Just found this info on the Babycentre website:
Why do I need folic acid?
Because it's very difficult to eat enough foods rich in the vitamin to supply the amount that experts recommend you take in pregnancy.
Folic acid, also known as folate or folacin, is one of the B group of vitamins, also known as B9. Your body needs it to produce red blood cells, as well as norepinephrine and seratonin (chemical components of the nervous system. It helps make DNA (the body's genetic material), which normalises the brain's functions, and is a critical component of spinal fluid. Folic acid is also one of the few nutrients known to prevent neural tube birth defects, such as spina bifida, which, according to The Association for Spina Bifida and Hydrocephalus (ASBAH), affects one in every 1,500 babies born in the United Kingdom.
The Department of Health recommends that every woman who is thinking about pregnancy or is in the first third (trimester) of pregnancy to take a daily supplement of 400 micrograms (mcg) of folic acid and eat a folate rich diet to reduce her baby's risk of getting some types of birth defects. Women who don't get enough may also increase their chance of miscarriage. Once you are into your second trimester (from week 13), you may wish to stop taking the supplements, although continuing to take them throughout pregnancy won't harm you or your baby either.
How much folic acid do I need?
Before you conceive, you'd be wise to take a daily folic acid supplement containing 400 micrograms (mcg) of folic acid.
Women who have had one child with a neural tube defect have a higher risk of having other children with the same disability. In this case, and for those who are prescribed certain medications, doctors will prescribe these women to take a much higher dose of folic acid -- a five milligram (mg) tablet -- starting one month before conception, if possible, and continuing through the first three months of pregnancy.
If possible, it is important that the supplements are taken before conception because development is rapid and the fetus's neural tubes close during the first four weeks of pregnancy.
Should I take a supplement?
While experts recommend a daily supplement of 400 mcg folic acid, eating plenty of folate-rich foods is important, too. See below for suggestions on folate-rich food.

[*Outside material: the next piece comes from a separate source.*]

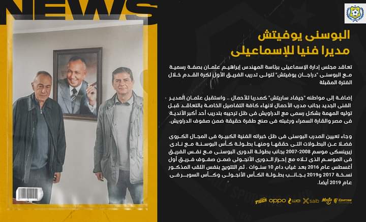 وكشف الإسماعيلي أنه تم تعيين المدير الفني البوسني دراجان يوفيتش، مدربا للفريق الأول لكرة القدم بالنادي.

What are the best food sources?
Leafy green vegetables are a good source, so try to have a large bowl of salad daily. Other sources include:
• 11 Brussels sprouts: 127 mcg
• large jacket potato: 39 mcg
• 4 tbsp black eyed beans: 220 mcg
• 7 tbsp bran flakes: 113 mcg
• 25g / 1oz wheat germ: 100 mcg
• 4 spears steamed or boiled asparagus: 88 mcg
• medium sized papaya: 115 mcg.
• 2 spears steamed broccoli: 61 mcg
• large orange: 54 mcg
• large hard-boiled egg: 22 mcg
• 75g / 3oz tinned salmon: 17 mcg
FYI Delicate folic acid in foods is destroyed by overcooking, so cook in a covered pan with the minimum amount of boiling water. Try to eat vegetables lightly steamed, microwaved, or raw.
What are signs of a deficiency?
Folate-deficiency anaemia and iron-deficiency anaemia can have similar symptoms of fatigue and weakness. A mild folate deficiency may also leave you grumpy or edgy. If you have any concerns about your diet, speak with your GP, who may refer you to a dietitian.